● Task to carry out
Exercise in exact copying: restate word for word only the lines below from the one containing "وهى خصيصا لشهر" through the one containing "Náplň pro popisovače", omitting any pictures.

● Given data

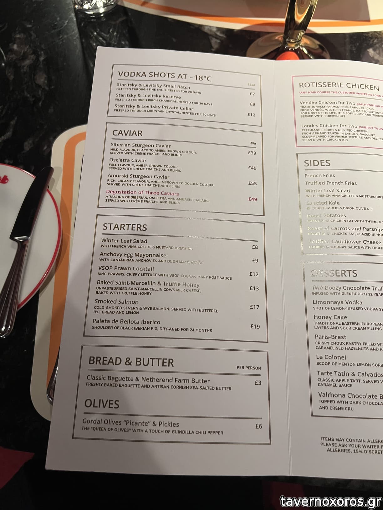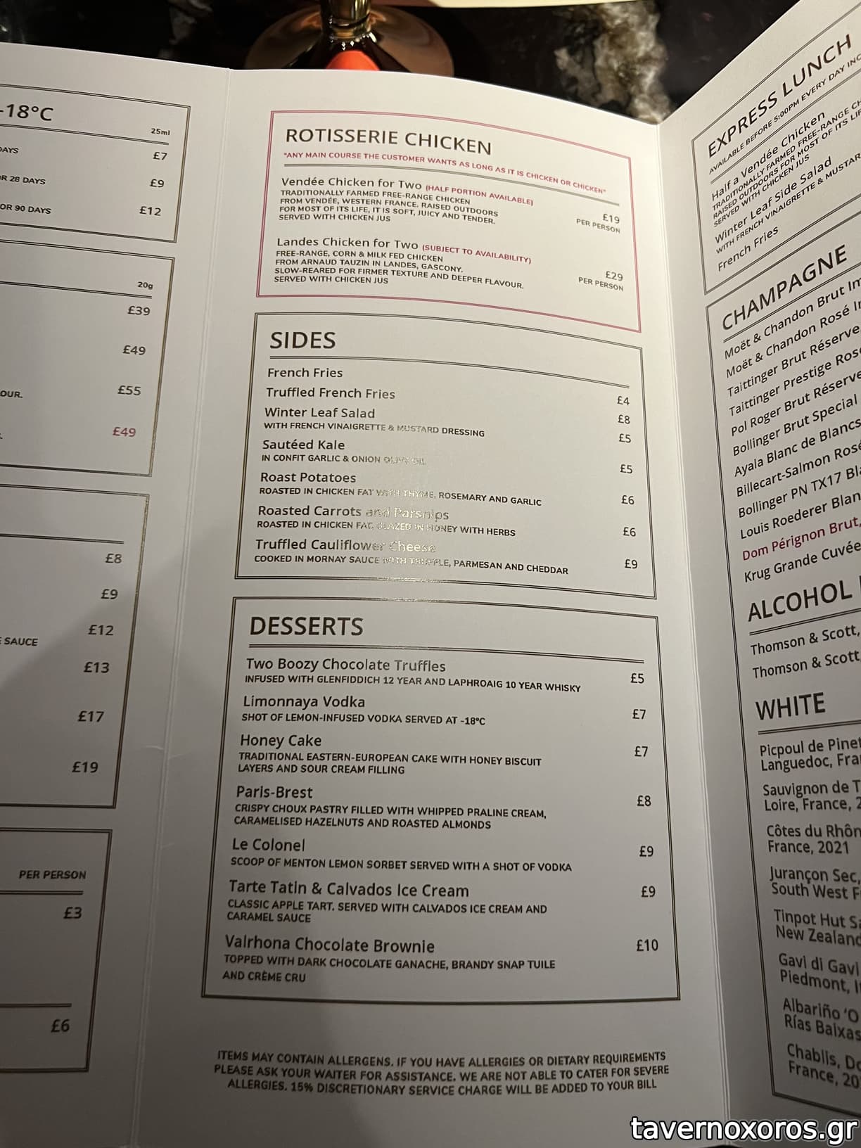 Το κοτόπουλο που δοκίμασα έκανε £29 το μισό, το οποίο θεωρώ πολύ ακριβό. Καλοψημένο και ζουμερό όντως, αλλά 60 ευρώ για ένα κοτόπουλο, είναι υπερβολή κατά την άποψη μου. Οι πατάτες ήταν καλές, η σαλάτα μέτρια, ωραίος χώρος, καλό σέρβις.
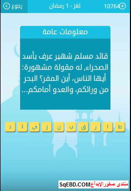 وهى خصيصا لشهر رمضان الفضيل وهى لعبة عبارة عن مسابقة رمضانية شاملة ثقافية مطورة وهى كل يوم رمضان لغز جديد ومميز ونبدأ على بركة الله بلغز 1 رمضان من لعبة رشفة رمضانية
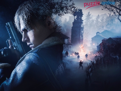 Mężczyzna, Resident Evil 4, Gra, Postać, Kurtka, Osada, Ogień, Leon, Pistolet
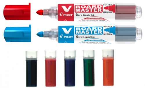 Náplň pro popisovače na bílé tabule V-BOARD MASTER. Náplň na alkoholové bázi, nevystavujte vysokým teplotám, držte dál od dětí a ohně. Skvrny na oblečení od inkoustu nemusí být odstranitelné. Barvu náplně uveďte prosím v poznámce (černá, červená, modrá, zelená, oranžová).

* * *

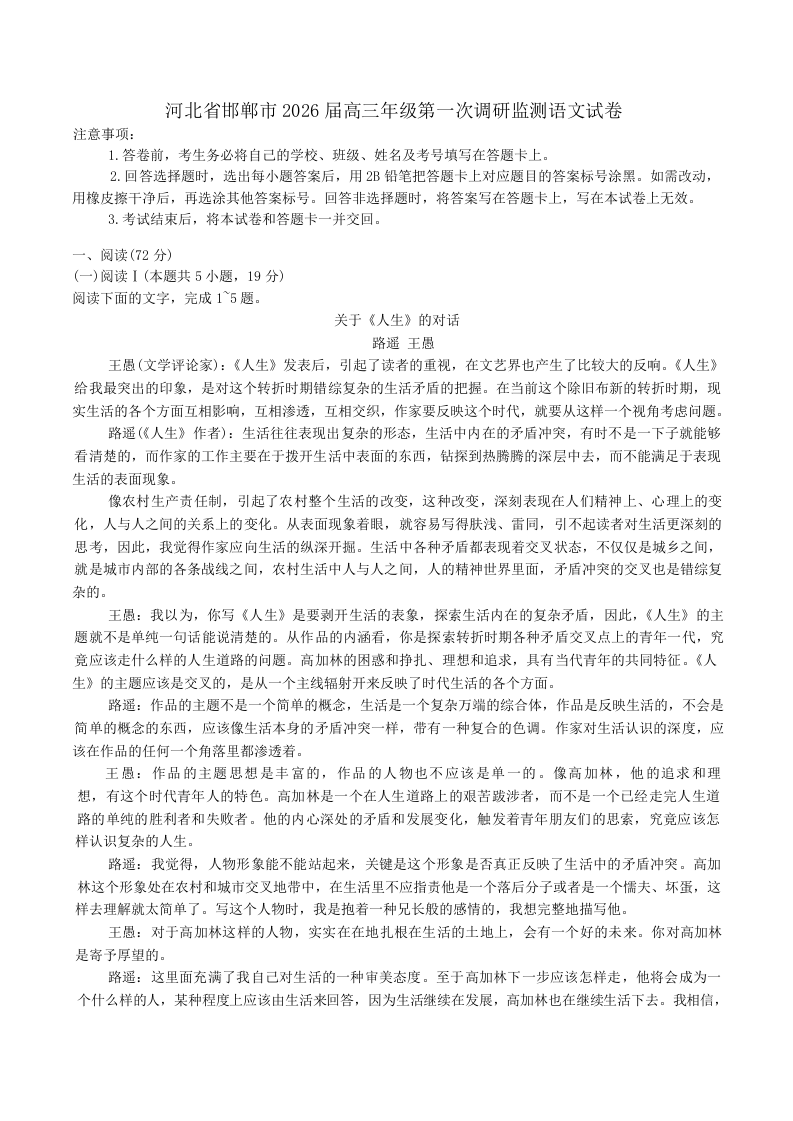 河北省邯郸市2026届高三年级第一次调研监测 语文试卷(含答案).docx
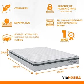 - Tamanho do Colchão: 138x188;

● Exercise output
 وهى خصيصا لشهر رمضان الفضيل وهى لعبة عبارة عن مسابقة رمضانية شاملة ثقافية مطورة وهى كل يوم رمضان لغز جديد ومميز ونبدأ على بركة الله بلغز 1 رمضان من لعبة رشفة رمضانية
 Mężczyzna, Resident Evil 4, Gra, Postać, Kurtka, Osada, Ogień, Leon, Pistolet
 Náplň pro popisovače na bílé tabule V-BOARD MASTER. Náplň na alkoholové bázi, nevystavujte vysokým teplotám, držte dál od dětí a ohně. Skvrny na oblečení od inkoustu nemusí být odstranitelné. Barvu náplně uveďte prosím v poznámce (černá, červená, modrá, zelená, oranžová).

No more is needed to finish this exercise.